* _Directions for this task_
In the entries below, find the line with "Камбарский машиностроитель- ный" and the line with "Figuur 1. Voorbereiding"; reproduce those two lines and all lines between them exactly, without pictures.

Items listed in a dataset
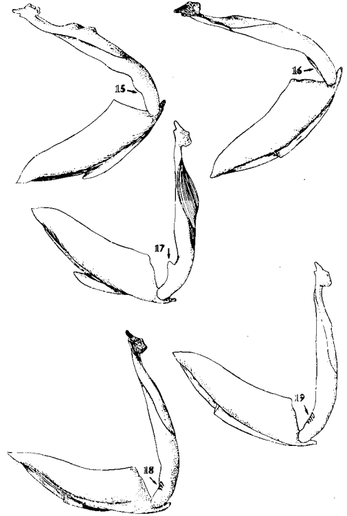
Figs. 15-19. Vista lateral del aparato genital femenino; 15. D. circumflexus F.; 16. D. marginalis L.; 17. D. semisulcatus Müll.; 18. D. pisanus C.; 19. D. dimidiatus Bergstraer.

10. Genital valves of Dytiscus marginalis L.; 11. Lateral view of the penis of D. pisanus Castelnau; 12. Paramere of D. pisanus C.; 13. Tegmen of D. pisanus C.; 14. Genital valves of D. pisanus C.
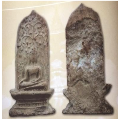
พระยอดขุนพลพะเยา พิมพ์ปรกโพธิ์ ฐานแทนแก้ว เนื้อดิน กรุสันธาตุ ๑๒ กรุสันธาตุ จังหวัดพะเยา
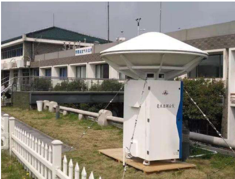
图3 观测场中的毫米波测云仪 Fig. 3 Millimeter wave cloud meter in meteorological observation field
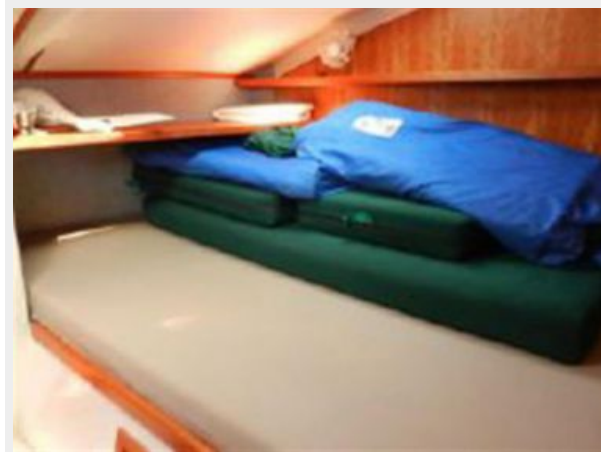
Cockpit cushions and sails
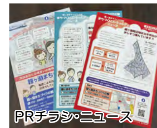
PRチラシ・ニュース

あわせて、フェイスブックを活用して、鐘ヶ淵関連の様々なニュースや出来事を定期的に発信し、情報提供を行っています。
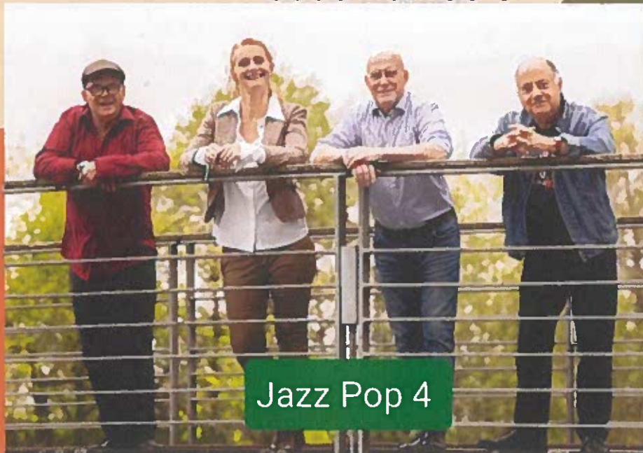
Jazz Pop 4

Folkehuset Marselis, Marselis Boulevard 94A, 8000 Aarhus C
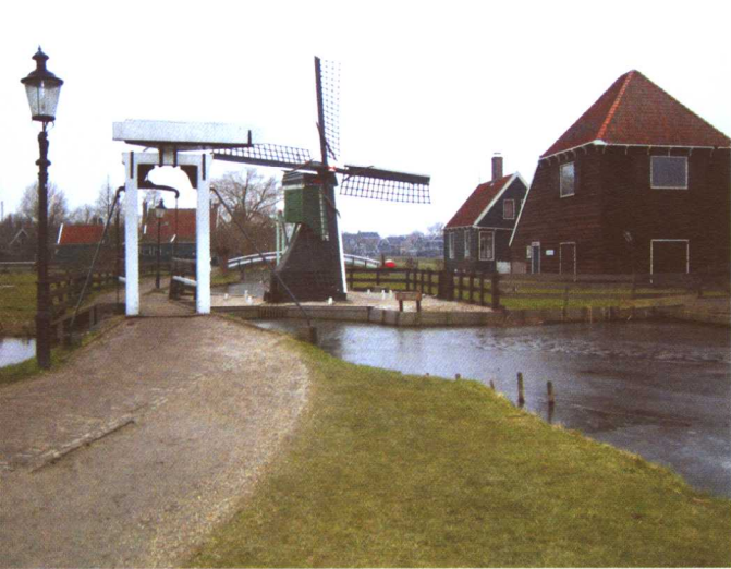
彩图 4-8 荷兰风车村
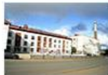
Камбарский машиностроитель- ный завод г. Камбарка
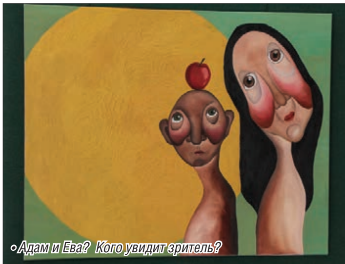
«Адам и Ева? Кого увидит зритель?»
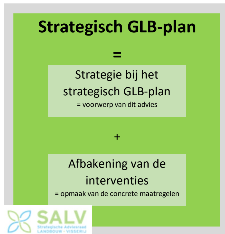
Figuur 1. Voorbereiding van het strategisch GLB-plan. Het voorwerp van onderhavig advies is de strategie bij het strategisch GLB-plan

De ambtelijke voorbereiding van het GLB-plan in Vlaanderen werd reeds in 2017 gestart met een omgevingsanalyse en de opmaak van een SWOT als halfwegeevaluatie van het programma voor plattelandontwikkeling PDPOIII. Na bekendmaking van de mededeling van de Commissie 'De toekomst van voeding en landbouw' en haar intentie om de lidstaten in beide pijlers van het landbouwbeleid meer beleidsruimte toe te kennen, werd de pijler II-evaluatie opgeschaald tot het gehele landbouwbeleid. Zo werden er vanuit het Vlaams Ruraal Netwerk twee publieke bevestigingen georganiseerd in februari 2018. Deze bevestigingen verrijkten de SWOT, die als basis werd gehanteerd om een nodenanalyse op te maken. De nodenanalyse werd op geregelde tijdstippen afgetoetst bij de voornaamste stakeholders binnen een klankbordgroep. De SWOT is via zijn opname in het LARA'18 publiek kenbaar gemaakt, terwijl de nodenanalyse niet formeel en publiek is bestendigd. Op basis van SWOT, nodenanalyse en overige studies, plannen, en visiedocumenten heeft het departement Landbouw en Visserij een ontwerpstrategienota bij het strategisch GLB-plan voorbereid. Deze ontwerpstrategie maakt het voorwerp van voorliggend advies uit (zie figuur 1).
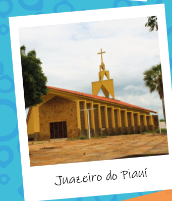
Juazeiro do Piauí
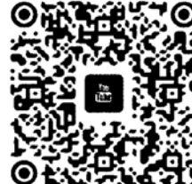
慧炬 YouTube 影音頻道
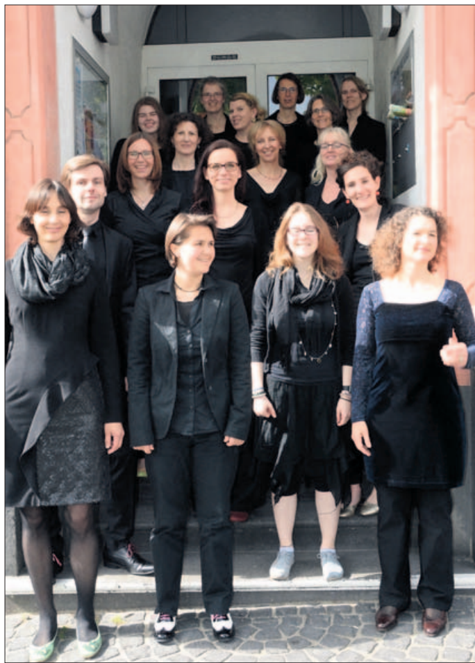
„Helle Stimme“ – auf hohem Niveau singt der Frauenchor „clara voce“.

* * *

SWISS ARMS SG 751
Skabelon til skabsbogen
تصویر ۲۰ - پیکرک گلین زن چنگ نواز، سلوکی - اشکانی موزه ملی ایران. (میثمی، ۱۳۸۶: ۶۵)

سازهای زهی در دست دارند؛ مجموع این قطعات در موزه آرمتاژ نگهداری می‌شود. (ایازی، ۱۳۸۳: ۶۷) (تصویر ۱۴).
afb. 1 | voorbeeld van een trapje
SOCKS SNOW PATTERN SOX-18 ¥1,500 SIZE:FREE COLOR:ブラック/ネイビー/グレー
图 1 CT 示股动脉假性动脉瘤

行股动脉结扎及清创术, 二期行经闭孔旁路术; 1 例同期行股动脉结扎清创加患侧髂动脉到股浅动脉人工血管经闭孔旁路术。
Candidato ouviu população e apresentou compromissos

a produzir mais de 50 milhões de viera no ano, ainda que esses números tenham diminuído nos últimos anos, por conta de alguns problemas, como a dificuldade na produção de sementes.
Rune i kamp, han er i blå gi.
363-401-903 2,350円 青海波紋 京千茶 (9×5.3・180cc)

* * *

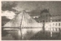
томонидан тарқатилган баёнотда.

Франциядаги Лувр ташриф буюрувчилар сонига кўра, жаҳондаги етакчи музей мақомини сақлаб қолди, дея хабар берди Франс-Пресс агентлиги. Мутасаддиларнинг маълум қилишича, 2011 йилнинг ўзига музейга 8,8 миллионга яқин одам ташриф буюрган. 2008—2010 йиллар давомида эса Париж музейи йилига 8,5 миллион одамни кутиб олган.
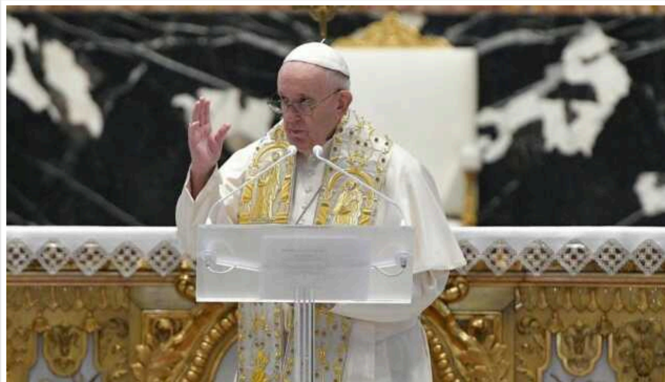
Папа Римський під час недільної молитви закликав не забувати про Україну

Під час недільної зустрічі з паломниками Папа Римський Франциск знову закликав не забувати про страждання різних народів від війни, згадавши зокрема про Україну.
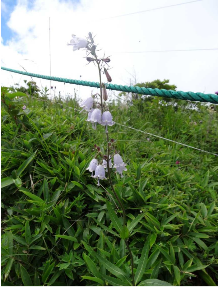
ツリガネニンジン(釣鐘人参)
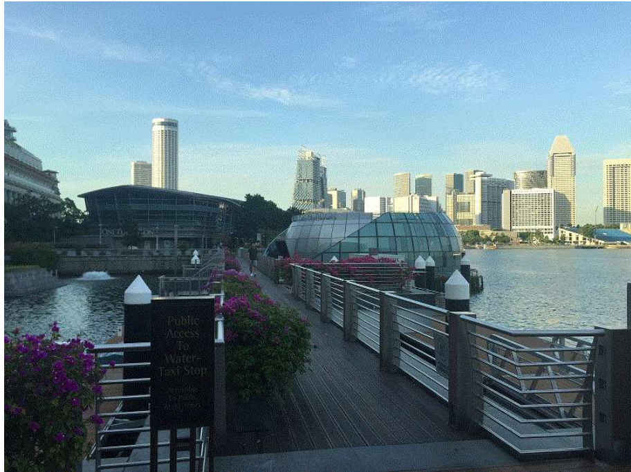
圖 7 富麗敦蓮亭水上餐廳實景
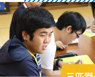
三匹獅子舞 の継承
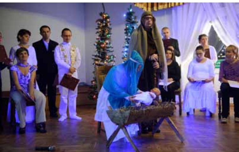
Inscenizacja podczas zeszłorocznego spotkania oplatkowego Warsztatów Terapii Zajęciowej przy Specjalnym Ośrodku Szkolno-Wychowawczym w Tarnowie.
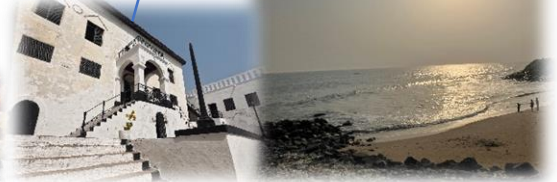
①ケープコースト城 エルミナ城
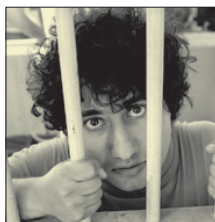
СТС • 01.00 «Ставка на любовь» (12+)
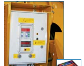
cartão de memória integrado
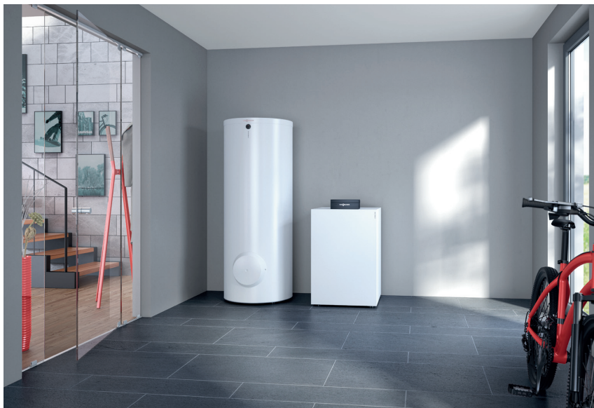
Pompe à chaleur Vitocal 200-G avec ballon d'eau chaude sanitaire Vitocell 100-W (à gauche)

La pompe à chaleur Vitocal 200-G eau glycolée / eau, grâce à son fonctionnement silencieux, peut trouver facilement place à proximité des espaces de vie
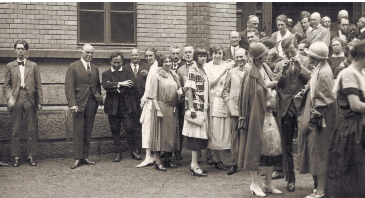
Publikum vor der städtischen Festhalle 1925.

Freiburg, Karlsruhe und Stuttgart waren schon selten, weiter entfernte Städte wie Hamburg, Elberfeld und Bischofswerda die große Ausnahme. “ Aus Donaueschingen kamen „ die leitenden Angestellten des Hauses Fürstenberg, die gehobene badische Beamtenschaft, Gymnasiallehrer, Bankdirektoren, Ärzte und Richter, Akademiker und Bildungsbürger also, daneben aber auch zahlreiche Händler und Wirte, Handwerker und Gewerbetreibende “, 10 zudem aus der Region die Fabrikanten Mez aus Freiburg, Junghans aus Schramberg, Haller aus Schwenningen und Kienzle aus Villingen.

* _Answer box_
Камбарский машиностроитель- ный завод г. Камбарка
«Адам и Ева? Кого увидит зритель?»
Figuur 1. Voorbereiding van het strategisch GLB-plan. Het voorwerp van onderhavig advies is de strategie bij het strategisch GLB-plan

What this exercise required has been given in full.